** YOUR GOAL **
If a line in the records below holds the string "made", count it; give only the total.

** PROVIDED INFORMATION **
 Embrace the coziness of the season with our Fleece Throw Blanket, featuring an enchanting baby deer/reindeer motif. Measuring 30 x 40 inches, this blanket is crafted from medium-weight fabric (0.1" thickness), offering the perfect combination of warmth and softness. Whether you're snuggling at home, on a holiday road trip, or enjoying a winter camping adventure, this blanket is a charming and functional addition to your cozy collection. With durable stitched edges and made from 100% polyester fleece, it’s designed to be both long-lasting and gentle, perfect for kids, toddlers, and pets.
* * *
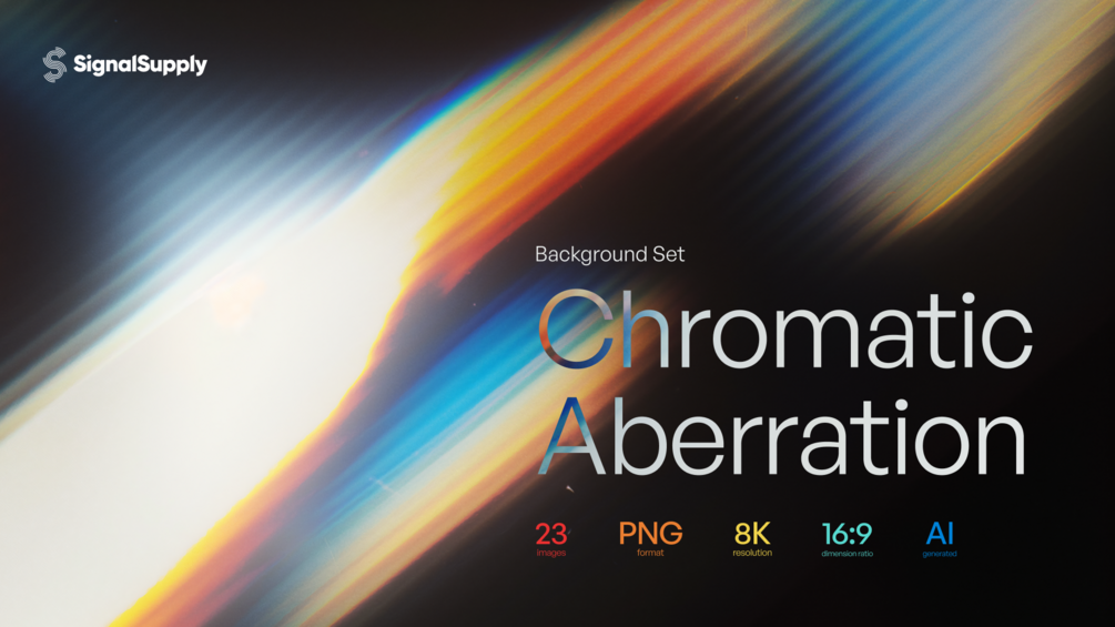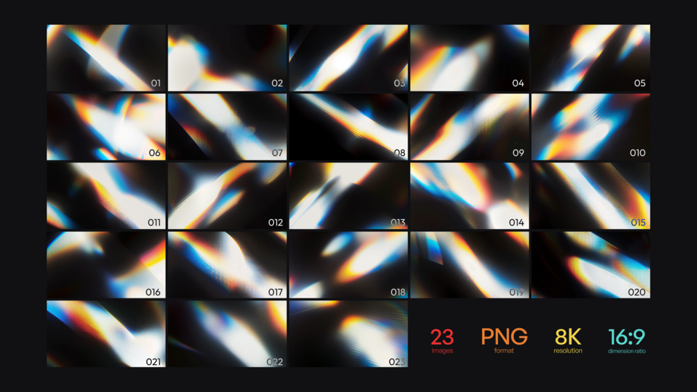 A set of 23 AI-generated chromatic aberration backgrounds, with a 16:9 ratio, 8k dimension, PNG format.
* * *
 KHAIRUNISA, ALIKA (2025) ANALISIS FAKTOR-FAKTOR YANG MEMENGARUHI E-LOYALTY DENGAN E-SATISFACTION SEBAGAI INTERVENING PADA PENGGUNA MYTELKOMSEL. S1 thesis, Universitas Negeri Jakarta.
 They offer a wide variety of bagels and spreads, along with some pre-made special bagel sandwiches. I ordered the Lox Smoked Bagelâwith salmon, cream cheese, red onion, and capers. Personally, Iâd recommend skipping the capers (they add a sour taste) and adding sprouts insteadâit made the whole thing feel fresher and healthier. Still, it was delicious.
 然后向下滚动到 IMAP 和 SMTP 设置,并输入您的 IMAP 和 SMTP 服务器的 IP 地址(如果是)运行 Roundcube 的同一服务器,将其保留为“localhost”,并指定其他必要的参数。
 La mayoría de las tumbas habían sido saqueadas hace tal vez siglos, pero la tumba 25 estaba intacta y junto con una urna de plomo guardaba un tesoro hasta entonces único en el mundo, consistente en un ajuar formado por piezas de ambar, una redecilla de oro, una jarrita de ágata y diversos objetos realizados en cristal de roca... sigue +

** ANSWER FOR THE TASK **
2